Subject | Re: Queen mother (of Britain) has died |
From | TradeSurplus |
Date | 2002-04-10 22:13 (2002-04-10 22:13) |
Message-ID | <m11t8.11967$iL2.3353706632@newssvr10.news.prodigy.com> |
Client | |
Newsgroups | alt.fan.tolkien |
Follows | Joy |
Followups | Joy (7h & 53m) Graeme (19h & 59m) David Flood (1d, 23h & 49m) |
JoyThis might look a bit like a flame but it's not meant to be. You really need to clear up in your mind the distinction between evolution and abiogenesis. From reading your posts the main points of your argument seem to be that the first stirrings of life on earth could not have started without a creator. That has nothing to do with evolution. Evolution takes as a starting assumption that life (or at least some kind of self-reproducing organsim) exists and then goes on to explain how the simplest forms of life developed into mice, dolphins and similarly complex and intelligent creatures.
Okay, I was trying to put things as simply as possible, since I didn't think that anybody would take this creation-evolution discussion in a Queen Mother thread too seriously.
I know evolutionists don't believe it was just "*bang* and look, a human! whoa, what are the odds?"

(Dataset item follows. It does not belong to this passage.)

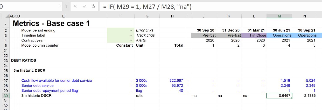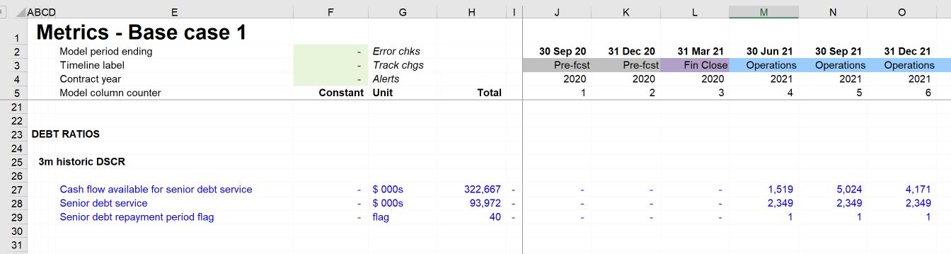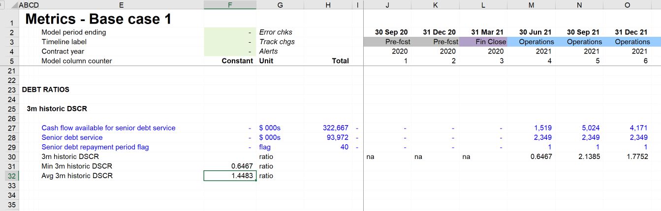 We can see that the ratio falls below 1 in multiple periods. This means that the business does not have sufficient cash to pay debt in these periods. This is not a base case that project sponsors could present to lenders.

It has been calculated that the odds of a spontaneous formation of even a small protein, given *100 billion years* (10 to 20 times greater than the approximated age of the earth) is less than 1 to 10 to the 60th.
And where is DNA from? I find the complexity of DNA mind-boggling. (Could, of course, just be my mind.) But we have these incredibly complex polymers, perfectly arranged into strands that are, in humans, over a metre long... the DNA of a bacterium can be made up of easily a few million separate units. DNA is far more complex than a simple protein, and the odds of *that* forming over 100 billion years are already slim... so if the odds of even a protein forming are ridiculous, I would think the odds of DNA strands happily forming into pretty spirals that *also* contain meaningful code, even over several billion years, are even tinier.
That's why I said the probability of evolution was slim.